Мы жили на большой улице Цейль, всем проезжающим известной, в гостинице под вывеской «Римского Императора». Большая деревянная человеческая фигура, вся вызолоченная, в мантии и с короной, поставлена была над воротами. Нигде принцы так не пригляделись, как во Франкфурте, нигде не обращают на них менее внимания: они беспрестанно приезжают и уезжают из него. В комнате, которую я занимал, имел я соседом с одной стороны эрцгерцога-палатина Венгерского, с другой — соседкой моей была герцогиня Генриетта Виртембергская. Там, где жил русский посланник на улице в большом доме, на дворе в нижнем этаже, помещалась бывшая испанская королева, мадам Жозеф-Бонапарте, а в самом верхнем — бывший шведский король, именующий себя то Вазой, то полковником Густавсеном.
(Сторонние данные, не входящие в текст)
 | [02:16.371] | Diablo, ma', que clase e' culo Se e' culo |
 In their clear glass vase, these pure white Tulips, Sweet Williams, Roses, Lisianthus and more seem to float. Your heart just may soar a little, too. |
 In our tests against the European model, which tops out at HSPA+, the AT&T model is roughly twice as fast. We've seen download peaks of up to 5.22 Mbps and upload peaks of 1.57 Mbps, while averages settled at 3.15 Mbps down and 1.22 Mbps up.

Из любви к История и преданиям древности, немцы сохраняют еще некоторое уважение в владетельным домам; неудивительно, если это чувство совсем исчезнет в них. Зато в торговом Франкфурте с благоговением говорили о банкирах, везде упоминаемо было имя Бегмана; о Ротшильдах тогда что-то еще мало было слышно, также и о Гонгарах. Видно, дела последних не были в столь цветущем состоянии; но их должно было поддержать, утешить родство с Нессельродом: он от них произошел; им гордятся они, как Нарышкины Петром Великим.
Дорогой не любил я бриться и одеваться; оттого-то никого охотно не посещал. Я не был и не обедал с Блудовым у нашего посланника при Сейме; только почти в минуту нашего отъезда приневолил он меня с собою к нему идти. Я нашел в г. Анштете умного немца с французскою любезностью, неутомимого, искусного говоруна, который, как мне казалось, в многоречии топит заповедные мысли свои.
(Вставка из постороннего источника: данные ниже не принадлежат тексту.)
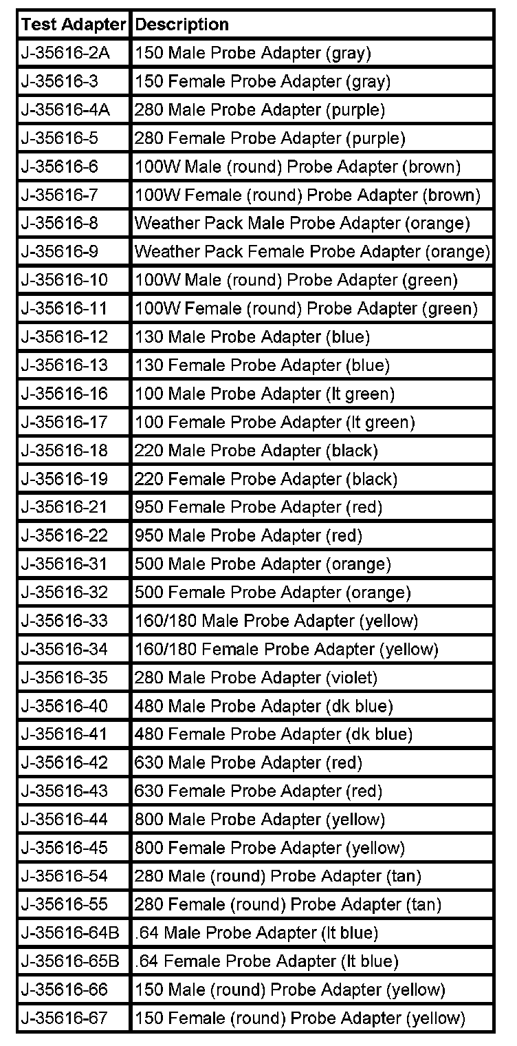 Notice: Do not insert test equipment probes (DVOM etc.) into any connector or fuse block terminal. The diameter of the test probes will deform most terminals. A deformed terminal will cause a poor connection, which will result in a system failure. Always use the J-35616 GM-Approved Terminal Test Kit in order to front probe terminals. Do not use paper clips or other substitutes to probe terminals.
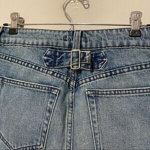 Features: cropped length, exposed button fly with silver buttons, 100% cotton, stiff or rigid denim, made in the USA, high waisted or high rise, pockets, adjustable buckle detail in the back

С тем чтобы ночевать в Майнце, после позднего обеда, 9-го числа выехали мы из Франкфурта. Я слыхал об этой неприступной твердыне и думал, что увижу перед собой высокие, огромные укрепления; мои желания были обмануты, но это доказывает только неведение мое в фортификационной науке. В первый, но не в последний раз я переехал тут по мосту через Рейн, который немцы почитают собственностью, а французы — законною, естественною границей. Мне не судьба была видеть эту знаменитую реку во всей красе её, между виноградников, навислых скал и живописных развалин; где я ни проезжал ее, текла она в ровных берегах. Было еще довольно рано, когда мы приехали в Майнц; делать было нечего, и я пошел смотреть на закат солнца. Картина точно прекрасная и величественная, когда пламенное светило тонет и гаснет в спокойных волнах широкого Рейна.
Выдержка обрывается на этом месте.